Christiana Stilianidou 18 • 04 • 2019

Removal of the obligation to lift banking secrecy for the scrutiny of asset declarations

Christiana Stilianidou
Removal of the obligation to lift banking secrecy for the scrutiny of asset declarations
18 • 04 • 2019

Article 3B of Law 3213/2003 previously established that the lifting of banking, stock exchange, tax and professional secrecy was a mandatory condition for the scrutiny of asset declarations by the CIDA Committee.  Article 209 of Law 4635/2019 amended this article, adding the words “if necessary,” and thus transforming the previously mandatory removal of secrecy into merely a possibility that can be pursued ‘if necessary’, raising concerns for transparency and accountability.

The Committee of Parliament for the Investigation of Declarations of Assets (CIDA) of Article 3A of law 3213/2003 is a special body which verifies and scrutinises the declarations of assets of politicians and judicial officials.  It is Article 3B of Law 3213/2003 that defines the functions of the Committee, as well as the ways in which it can and should carry out the scrutiny of asset declarations.  

Article 3B of law 3213/2003 has previously been amended by Article 15 of law 4606/2019 (Government Gazette 57 A ‘/ 11-04-2019) which added the following phrase: “The harnessing of information collected through the lifting of banking, stock market, tax and professional secrecy is a precondition for the completion of any scrutiny procedure of the Committee’s competence.” This made the lifting of such secrecy mandatory in the scrutiny of asset declarations. The purpose of this provision was, among other things, to strengthen the credibility of the auditing, as well as to speed up the process (see this article as well as pages 56, 59, 61 of the parliamentary minutes).

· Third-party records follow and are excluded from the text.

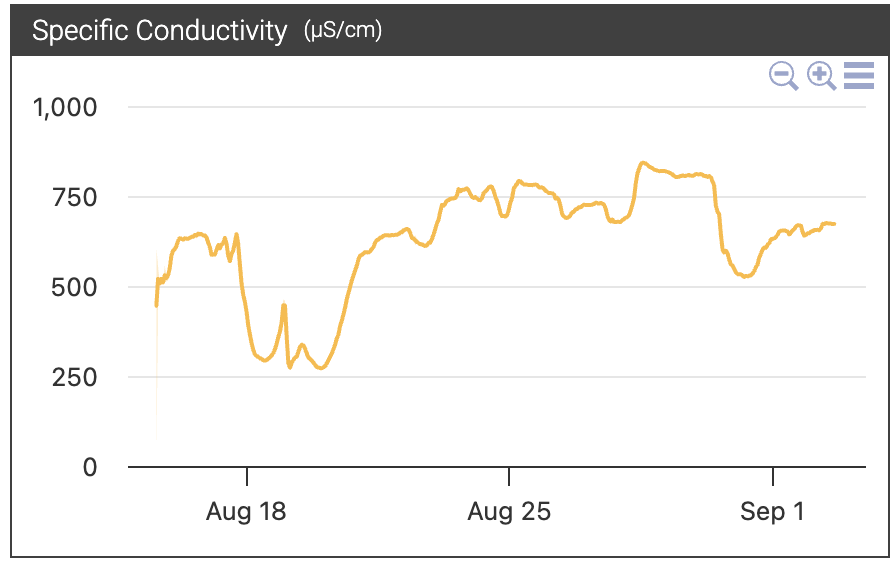 During storms, pure rainwater is able to wash away mineral and salty water, directing it quickly downstream. This pure water has less impurities and is therefore less conductive. Aug 18-20 during a period of heavy rainfall, our live data was able to see the drop in conductivity happen in real time in the Chicago River.
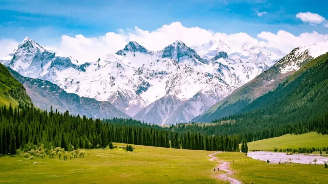 灵武水洞沟 皑皑雪山,大漠孤烟, 云杉挺拔,草场葱翠, 天上人间,万古倏忽。 新疆犹如一幅浓墨重彩的油画, 春夏秋冬,色彩各异,绚烂至极。
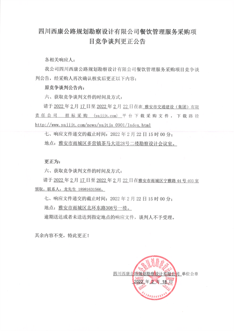 四川西康公路規(guī)劃勘察設計有限公司餐飲管理服務采購項目競爭談判更正公告
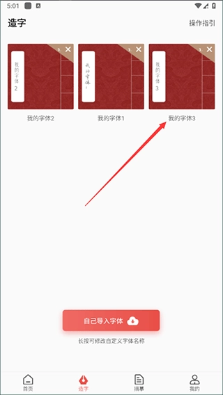 1. 开启书法练字帖软件,进入首页后,点击横幅或者“造字”选项,从而进入字体页面。
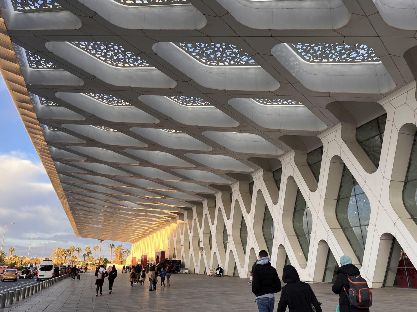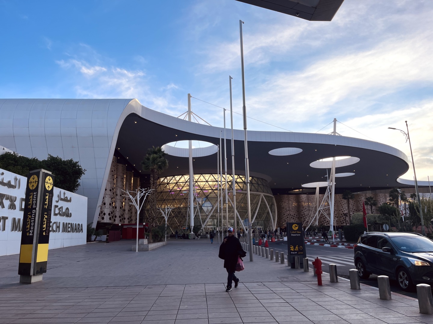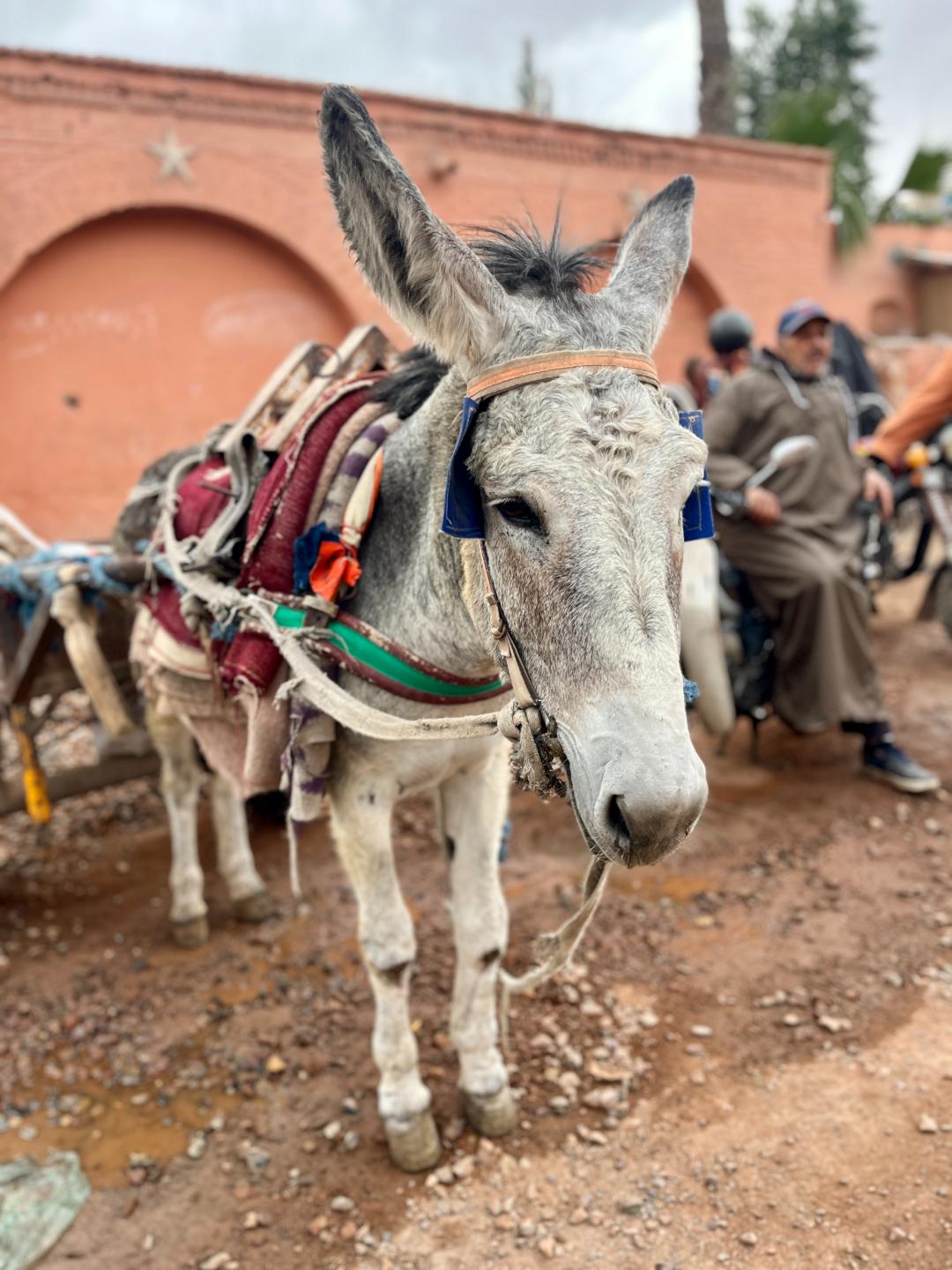 Проверките на летището минахме много бързо, защото бяхме от най-първите. Летището имаше модерен изглед. От хотел Atlas бях ангажирала шофьор, които да ни вземе от летището и да ни закара до хотела. Шофьорът ни чакаше отпред и първите ни впечатления за Маракеш бяха силно положителни до момента, в който видяхме една пешеходна улица, пълна със сергии и много народ и шофьорът каза: “Дотук сте. Оттук тръгвате, вървите 200 метра през тълпата, завивате и ще стигнете до хотела.” Не можете да си представите ужаса в очите на децата 🙂 Това се наложи тъй като в Медината почти няма улици, през които може да премине автомобил, а само мотопеди и разни триколки.

It is noted at this point that this provision was introduced for voting through a legislative amendment and was voted against by the then opposition party MPs of New Democracy and Golden Dawn (see page 68 of the parliamentary minutes), a fact which was later commented on by the then Government.

However, with this modification and the addition of the words “if necessary”: a) the removal of secrecy becomes merely possible, rather than mandatory; b) it creates a process where some asset declarations will ‘slip through the net’, whilst requiring a second level of decision making for who is to judge, and how, which statements necessitate the removal of secrecy; c) it undermines the very notion of asset declaration statements, particularly in regard to their purpose of showing the origin of the assets held; and d) it raises questions  about the purpose of the amendment. (see p. 40 of the minutes of the 24-10 sitting of Parliament and pp. 76-77, 87, of the minutes of the 23-10-2019 sitting of Parliament). 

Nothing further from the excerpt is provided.